MOTIVO DA CANDIDATURA:

HOTEL TIPOGRAFIA DO CONTO: UMA REABILITAÇÃO QUE APORTA DINAMISMO URBANO Com esta candidatura, deseja-se sublinhar a importância da renovação estrutural e funcional dos edifícios de matriz industrial/oficinal, na reabilitação de um quarteirão urbano. Ainda que a intervenção se confine a dois lotes da Rua Álvares Cabral, no Porto, ela representa um exemplo conceptual e metodológico para intervenções congéneres. O projeto respeita a matriz do loteamento, mantendo as paredes meeiras entre parcelas, e diferenciando as intervenções em cada edifício.
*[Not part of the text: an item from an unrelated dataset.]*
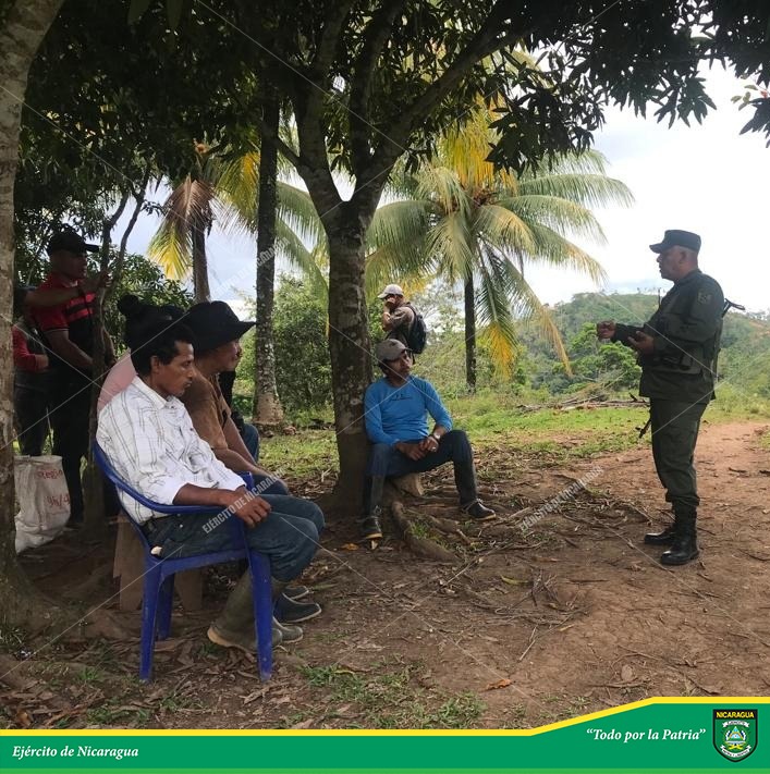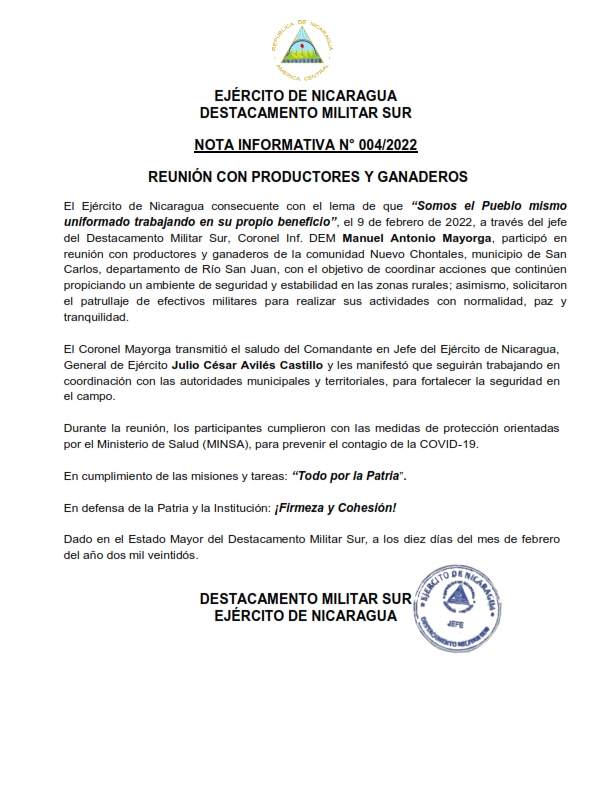 El Ejército de Nicaragua consecuente con el lema “Somos el Pueblo mismo uniformado trabajando en su propio beneficio”, a través del jefe del Destacamento Militar Sur, Coronel Inf. DEM Manuel Antonio Mayorga, el 9 de febrero de 2022, se participó en reunión con productores y ganaderos de la comunidad Nuevo Chontales, municipio de San Carlos, departamento de Río San Juan, con el objetivo de coordinar acciones que continúen propiciando un ambiente de seguridad y estabilidad en las zonas rurales; asimismo, solicitaron el patrullaje de efectivos militares para realizar sus actividades con normalidad, paz y tranquilidad.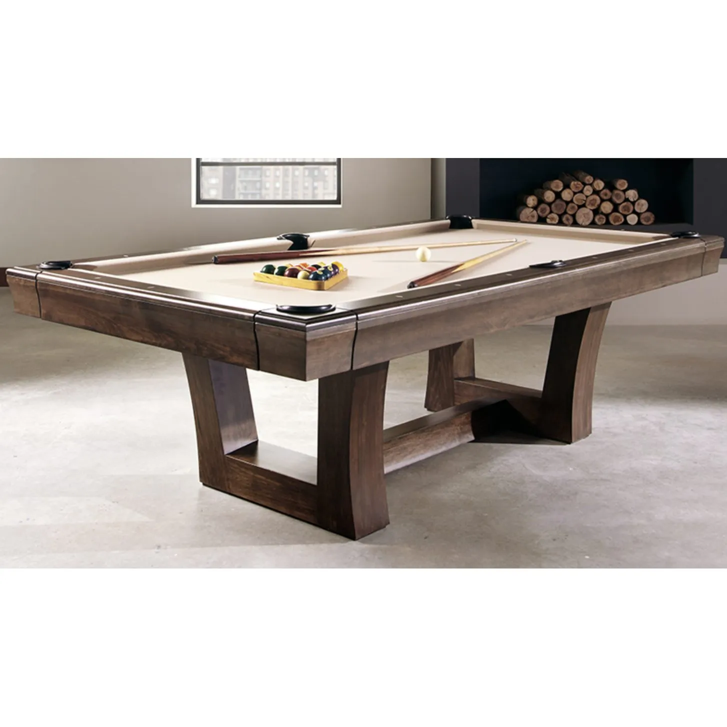 The City pool table by California House is made from solid wood and features a beautiful, clean design. All California House pool tables are made-to-order in Sacramento, California, U.S.A. and feature factory pre-assembled chassis, 100% vegetable tanned leather pockets and diamond shaped pearlized mother-of-pearl sights.

No edifício do Hotel Tipografia do Conto, parte-se de uma estrutura degradada, a qual é reestruturada à custa da introdução de novos sistemas construtivos em betão, ainda que articulados com materiais presentes na memória da cidade e do lugar: vigamentos em madeira de Riga reaproveitados, azulejos manufaturados, elementos em ferro latonado; no edifício do Café Cultural, de apoio ao Hotel, mantêm-se os sistemas construtivos preexistentes, introduzindo outros elementos também eles relacionados com essa memória: azulejos manufaturados, portadas recicladas, mobília histórica. A renovação funcional é também decisiva neste processo: ao criar um programa hoteleiro, que se abre a outros usos coletivos – atividades lúdicas e culturais –, este projeto dá a conhecer os vestígios da antiga Oficina Tipográfica “Gráficos Reunidos”, que ali se localizava, mas também uma sucessão de pátios interiores e jardins ocultos da rua. Desde a sua recente abertura, o Hotel Tipografia do Conto já dinamizou diversos eventos, atraindo não apenas os seus hóspedes residentes, mas também cidadãos e visitantes do Porto. Essa dinâmica cria sinergias culturais, sociais e económicas no bairro formado pelas ruas de Álvares Cabral e de Cedofeita. O projeto induz um processo de gentrificação sustentável, aportando dinamismo a esse bairro, cruzando culturas e geografias locais e globais. Acreditamos, por isso, que constitui um exemplo interessante de aproveitamento de uma matriz preexistente, para nela fazer nascer novas aptidões. A isso também se chama “reabilitação urbana”.